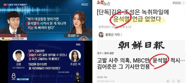 앞서 MBC를 제외한 대부분의 매체들이 윤 전 총장의 이름이 나오지 않는다는 취지로 보도했으나, 이날 실제 녹취록을 통해 김 의원이 윤석열’을 3번이나 언급하고 조 씨에게 고발을 위한 구체적인 지침까지 내리는 것으로 확인됐다.
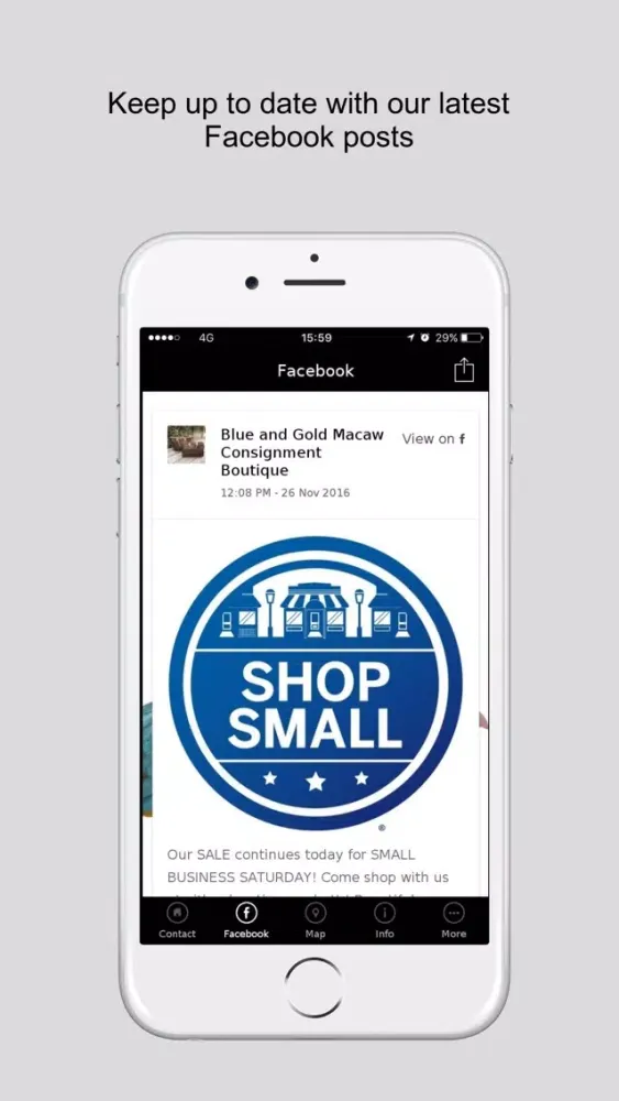 This App has Push Notification enabled which allows you to view App messages sent directly from the business straight to your lock screen; Push Notification feature must be enabled for this to work. App contains Integrated Facebook/Twitter feeds.
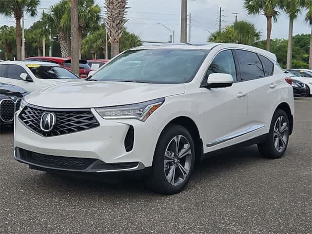 This 2025 Acura RDX Technology Package in Platinum White Pearl, features 12 Speakers, 4-Wheel Disc Brakes, ABS brakes, Air Conditioning, Alloy wheels, AM/FM radio: SiriusXM, Apple CarPlay/Android Auto, Auto High-beam Headlights, Auto-dimming Rear-View mirror, Automatic temperature control, Brake assist, Bumpers: body-color, Compass, Delay-off headlights, Driver door bin, Driver vanity mirror, Dual front impact airbags, Dual front side impact airbags, Electronic Stability Control, Emergency communication system: AcuraLink, Exterior Parking Camera Rear, Four wheel independent suspension, Front anti-roll bar, Front Bucket Seats, Front Center Armrest, Front dual zone A/C, Front reading lights, Fully automatic headlights, Garage door transmitter: HomeLink, Heated door mirrors, Heated front seats, Heated Front Sport Seats, Illuminated entry, Knee airbag, Lane departure: Lane Keeping Assist System (LKAS) active, Low tire pressure warning, Memory seat, Navigation system: Acura Navigation System with 3D View, Occupant sensing airbag, Outside temperature display, Overhead airbag, Overhead console, Panic alarm, Passenger door bin, Passenger vanity mirror, Perforated Milano Premium Leather-Trimmed Interior, Power door mirrors, Power driver seat, Power Liftgate, Power moonroof, Power passenger seat, Power steering, Power windows, Radio data system, Radio: ELS Studio Premium Audio System, Rear anti-roll bar, Rear reading lights, Rear seat center armrest, Rear window defroster, Rear window wiper, Remote keyless entry, Security system, Speed control, Speed-sensing steering, Split folding rear seat, Spoiler, Steering wheel mounted audio controls, Tachometer, Telescoping steering wheel, Tilt steering wheel, Traction control, Trip computer, Turn signal indicator mirrors, Variably intermittent wipers, and Wheels: 19 x 8.0J Shark Gray Machine-Finished: AWD
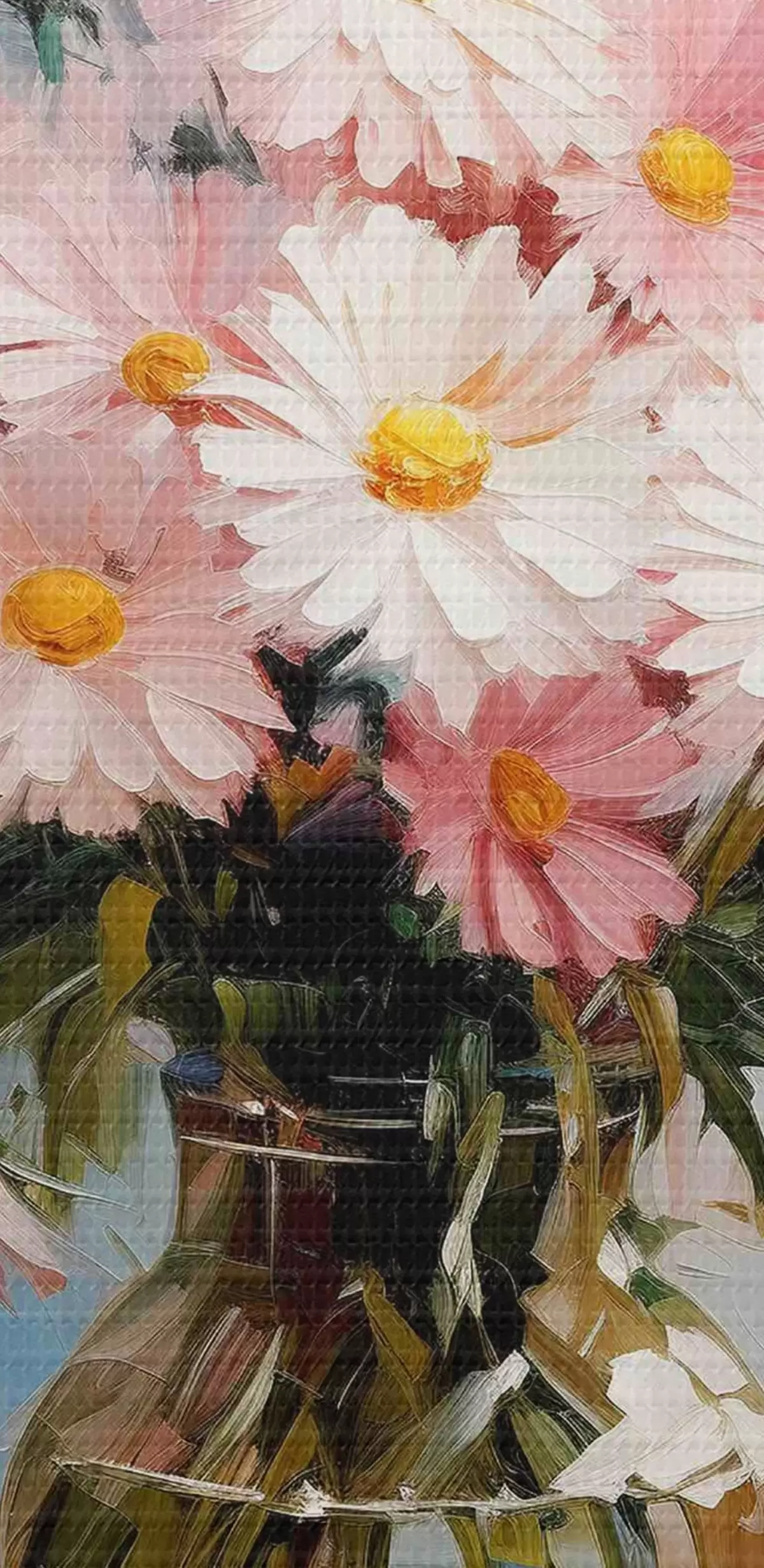 De fijne weving van draden op dit doek lijkt op het oppervlak van professionele schildersdoeken.
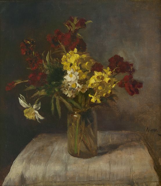 Hein Kever | Voorjaarsboeket in glazen pot, olieverf op doek, 53,5 x 47,2 cm, gesigneerd r.m.
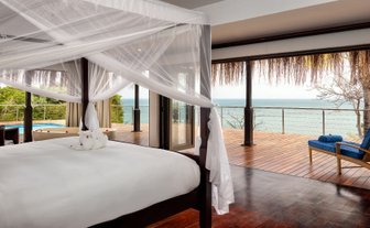 Im Anantara Bazaruto Island Resort habt ihr die Wahl zwischen verschiedenen Villen. Die 58 Quadratmeter großen Beach Villen bieten Platz für zwei Erwachsene und ein Kind und verfügen über direkten Strandzugang sowie eine Terrasse. Noch mehr Komfort für bis zu vier Erwachsene und ein Kind bieten die Sea View Pool Villen mit zwei getrennten Schlafzimmern. Diese sind außerdem mit einer Kitchenette und einem kleinen Schwimmbecken ausgestattet.
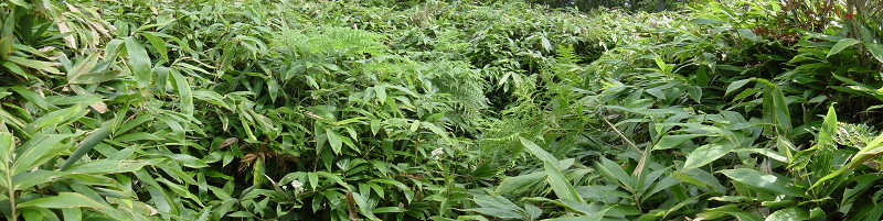 この先展望は期待できそうにないので東西鳳翩山を鑑賞しながら少し休憩をする。この先尚も笹藪の急坂を進む。残りの標高差200m、残り150mと山頂へのカウントダウンをしながら笹藪を掻き分けて行く。先週の龍門岳とは比べものにならないような長く厳しい笹の坂道を、頭を下げながら進んで行く。
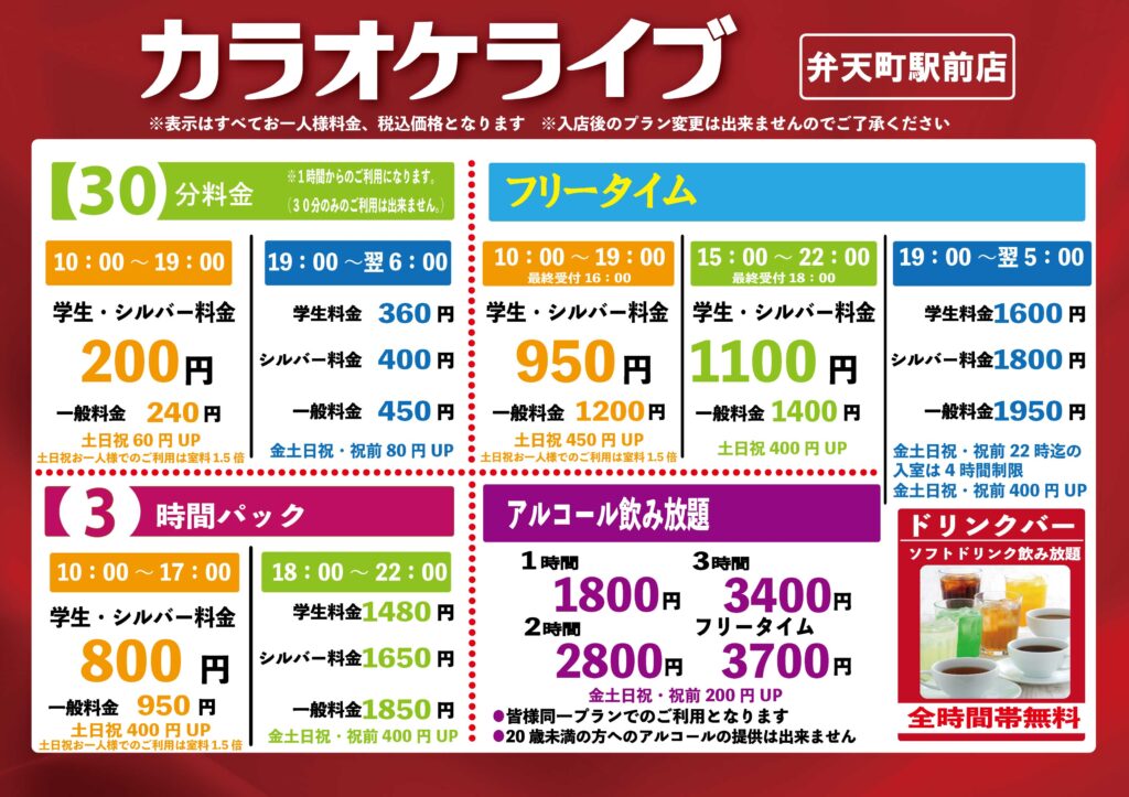 基本の30分料金だけでなく、3時間パック、4種類のフリータイムなどがございます。すべてドリンクバー付き、表記は安心の税込料金です。

----

### WHAT IS NEEDED
Output all the material verbatim, skipping every image.

### TASK SOLUTION
 앞서 MBC를 제외한 대부분의 매체들이 윤 전 총장의 이름이 나오지 않는다는 취지로 보도했으나, 이날 실제 녹취록을 통해 김 의원이 윤석열’을 3번이나 언급하고 조 씨에게 고발을 위한 구체적인 지침까지 내리는 것으로 확인됐다.
 This App has Push Notification enabled which allows you to view App messages sent directly from the business straight to your lock screen; Push Notification feature must be enabled for this to work. App contains Integrated Facebook/Twitter feeds.
 This 2025 Acura RDX Technology Package in Platinum White Pearl, features 12 Speakers, 4-Wheel Disc Brakes, ABS brakes, Air Conditioning, Alloy wheels, AM/FM radio: SiriusXM, Apple CarPlay/Android Auto, Auto High-beam Headlights, Auto-dimming Rear-View mirror, Automatic temperature control, Brake assist, Bumpers: body-color, Compass, Delay-off headlights, Driver door bin, Driver vanity mirror, Dual front impact airbags, Dual front side impact airbags, Electronic Stability Control, Emergency communication system: AcuraLink, Exterior Parking Camera Rear, Four wheel independent suspension, Front anti-roll bar, Front Bucket Seats, Front Center Armrest, Front dual zone A/C, Front reading lights, Fully automatic headlights, Garage door transmitter: HomeLink, Heated door mirrors, Heated front seats, Heated Front Sport Seats, Illuminated entry, Knee airbag, Lane departure: Lane Keeping Assist System (LKAS) active, Low tire pressure warning, Memory seat, Navigation system: Acura Navigation System with 3D View, Occupant sensing airbag, Outside temperature display, Overhead airbag, Overhead console, Panic alarm, Passenger door bin, Passenger vanity mirror, Perforated Milano Premium Leather-Trimmed Interior, Power door mirrors, Power driver seat, Power Liftgate, Power moonroof, Power passenger seat, Power steering, Power windows, Radio data system, Radio: ELS Studio Premium Audio System, Rear anti-roll bar, Rear reading lights, Rear seat center armrest, Rear window defroster, Rear window wiper, Remote keyless entry, Security system, Speed control, Speed-sensing steering, Split folding rear seat, Spoiler, Steering wheel mounted audio controls, Tachometer, Telescoping steering wheel, Tilt steering wheel, Traction control, Trip computer, Turn signal indicator mirrors, Variably intermittent wipers, and Wheels: 19 x 8.0J Shark Gray Machine-Finished: AWD
 De fijne weving van draden op dit doek lijkt op het oppervlak van professionele schildersdoeken.
 Hein Kever | Voorjaarsboeket in glazen pot, olieverf op doek, 53,5 x 47,2 cm, gesigneerd r.m.
 Im Anantara Bazaruto Island Resort habt ihr die Wahl zwischen verschiedenen Villen. Die 58 Quadratmeter großen Beach Villen bieten Platz für zwei Erwachsene und ein Kind und verfügen über direkten Strandzugang sowie eine Terrasse. Noch mehr Komfort für bis zu vier Erwachsene und ein Kind bieten die Sea View Pool Villen mit zwei getrennten Schlafzimmern. Diese sind außerdem mit einer Kitchenette und einem kleinen Schwimmbecken ausgestattet.
 この先展望は期待できそうにないので東西鳳翩山を鑑賞しながら少し休憩をする。この先尚も笹藪の急坂を進む。残りの標高差200m、残り150mと山頂へのカウントダウンをしながら笹藪を掻き分けて行く。先週の龍門岳とは比べものにならないような長く厳しい笹の坂道を、頭を下げながら進んで行く。
 基本の30分料金だけでなく、3時間パック、4種類のフリータイムなどがございます。すべてドリンクバー付き、表記は安心の税込料金です。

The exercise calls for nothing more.